PROBLEM REQUIREMENTS
Using the entries below, write out the line with "Durante su mensaje", the line with "Young blonde woman", and every line in between, exactly as each is written.

━━━ RECORDS SUPPLIED ━━━

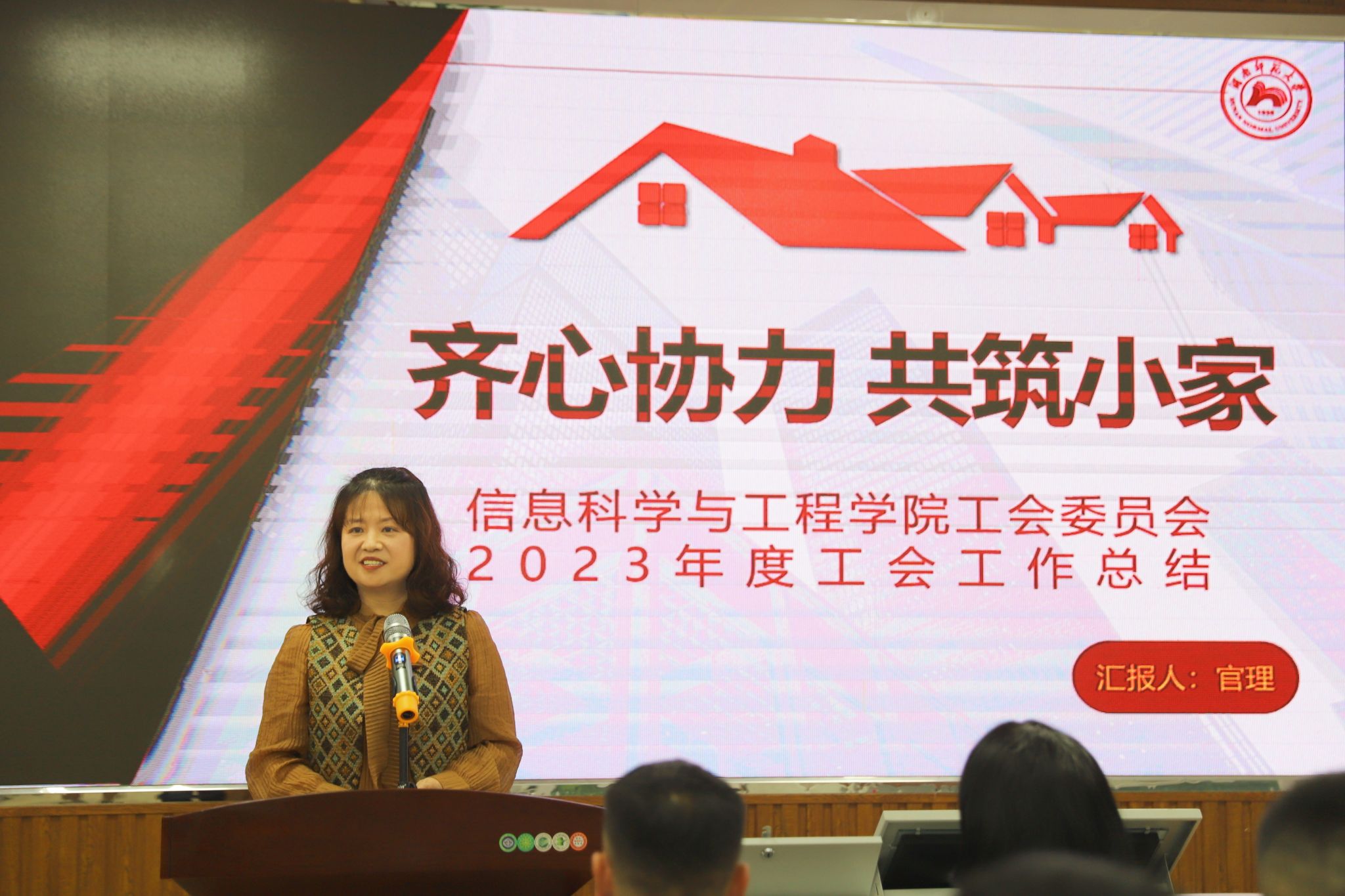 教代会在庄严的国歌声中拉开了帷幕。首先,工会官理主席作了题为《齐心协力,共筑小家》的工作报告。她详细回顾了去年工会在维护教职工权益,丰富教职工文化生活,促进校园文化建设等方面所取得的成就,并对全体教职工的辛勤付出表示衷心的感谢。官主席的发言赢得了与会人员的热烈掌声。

━━━
━━━ RECORDS SUPPLIED ━━━

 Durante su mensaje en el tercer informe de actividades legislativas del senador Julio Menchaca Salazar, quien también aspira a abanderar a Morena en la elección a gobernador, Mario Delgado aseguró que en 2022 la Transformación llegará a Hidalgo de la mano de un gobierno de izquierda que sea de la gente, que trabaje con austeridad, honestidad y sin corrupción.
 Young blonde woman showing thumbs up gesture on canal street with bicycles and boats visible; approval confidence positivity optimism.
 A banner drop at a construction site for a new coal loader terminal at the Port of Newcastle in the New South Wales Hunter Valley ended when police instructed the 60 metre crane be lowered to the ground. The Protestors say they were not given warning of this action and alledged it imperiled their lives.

━━━

ANSWER SPACE
 Durante su mensaje en el tercer informe de actividades legislativas del senador Julio Menchaca Salazar, quien también aspira a abanderar a Morena en la elección a gobernador, Mario Delgado aseguró que en 2022 la Transformación llegará a Hidalgo de la mano de un gobierno de izquierda que sea de la gente, que trabaje con austeridad, honestidad y sin corrupción.
 Young blonde woman showing thumbs up gesture on canal street with bicycles and boats visible; approval confidence positivity optimism.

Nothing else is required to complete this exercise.